» Data listing:
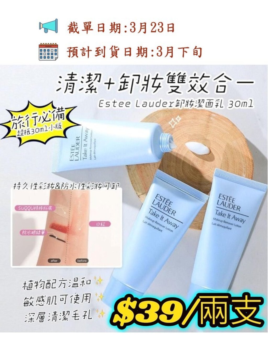 美國製🇺🇸 ESTEE LAUDER 清爽卸妝乳(30ML) 2支/套
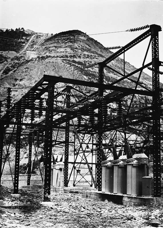 | Contenido: Se encuentra junto al edificio principal de la central de Lafortunada. En la ladera del fondo puede verse la tubería del salto del Cinca. |
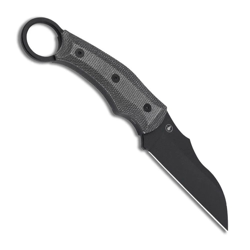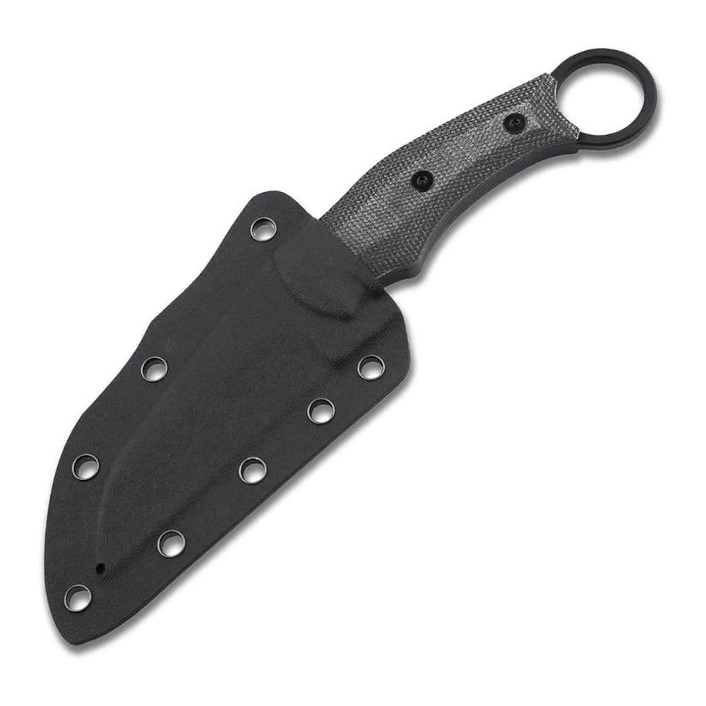 Mânerul din Micarta neagră este modelat pentru o prindere confortabilă și sigură chiar și în condiții dificile. Inelul pentru deget îmbunătățește manevrabilitatea și servește și ca orificiu pentru șnur. Teaca din Kydex cu clemă permite purtare discretă și sigură pe curea.
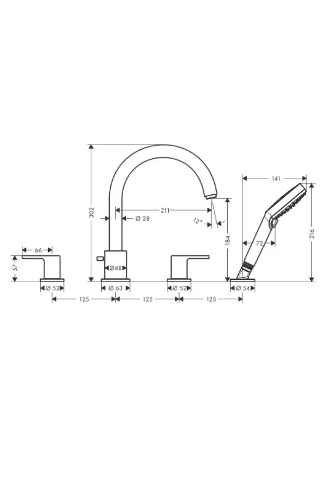 Baterie cada dus cu montaj pe cada; cu 2 functii; cu proiectie 211 mm; cu pulverizare normala pentru umplere cada si 2 tipuri de jet pentru para de dus Rain, IntenseRain; cu un debit maxim la 3 bari de 25 l / min, cu un debit pentru gura de umplere cada la 3 bari de 25 l / min si un debit pentru para de dus la 3 bari de 17 l / min; lungimea furtunului de dus este de 1.60 m; cu supapa ceramica cald - rece 90 °; cu supapa anti-retur; , compatibila cu incalzitoare de apa cu flux continuu; cu conexiuni la apa calda-apa rece de G ⅜, avand imensiunea conexiunii DN15. Necesita set pentru montare baterie de baie incastrate 13244180, care se comanda separat. Finisaj produsului este negru mat (matt black). Garantie 60 de luni. Produs fabricat de Hansgrohe.
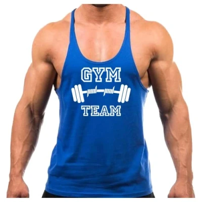 Crown Designs Gym Team Bodybuilding Weight Training Sports Stringer Vest Top with Y Back Racerback Fit for Men & Teens Royal White Design/Medium
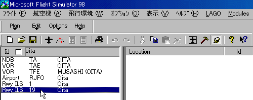 C出発空港を入れます。 Locationに入れますが、方法は、 A地図から直接ドラッグする。 B地図の目的のポイントにマウスポインタを当てますとポップアップメニューが出ますので、<To Flightplan>をクリックする。 Cこの画面のようにIDで検索する。 の3つの方法があります。 |

» Required work:
Please write out the whole listing exactly, but not the pictures in it.

» Solution to this exercise:
 美國製🇺🇸 ESTEE LAUDER 清爽卸妝乳(30ML) 2支/套
 | Contenido: Se encuentra junto al edificio principal de la central de Lafortunada. En la ladera del fondo puede verse la tubería del salto del Cinca. |
 Mânerul din Micarta neagră este modelat pentru o prindere confortabilă și sigură chiar și în condiții dificile. Inelul pentru deget îmbunătățește manevrabilitatea și servește și ca orificiu pentru șnur. Teaca din Kydex cu clemă permite purtare discretă și sigură pe curea.
 Baterie cada dus cu montaj pe cada; cu 2 functii; cu proiectie 211 mm; cu pulverizare normala pentru umplere cada si 2 tipuri de jet pentru para de dus Rain, IntenseRain; cu un debit maxim la 3 bari de 25 l / min, cu un debit pentru gura de umplere cada la 3 bari de 25 l / min si un debit pentru para de dus la 3 bari de 17 l / min; lungimea furtunului de dus este de 1.60 m; cu supapa ceramica cald - rece 90 °; cu supapa anti-retur; , compatibila cu incalzitoare de apa cu flux continuu; cu conexiuni la apa calda-apa rece de G ⅜, avand imensiunea conexiunii DN15. Necesita set pentru montare baterie de baie incastrate 13244180, care se comanda separat. Finisaj produsului este negru mat (matt black). Garantie 60 de luni. Produs fabricat de Hansgrohe.
 Crown Designs Gym Team Bodybuilding Weight Training Sports Stringer Vest Top with Y Back Racerback Fit for Men & Teens Royal White Design/Medium
 C出発空港を入れます。 Locationに入れますが、方法は、 A地図から直接ドラッグする。 B地図の目的のポイントにマウスポインタを当てますとポップアップメニューが出ますので、<To Flightplan>をクリックする。 Cこの画面のようにIDで検索する。 の3つの方法があります。 |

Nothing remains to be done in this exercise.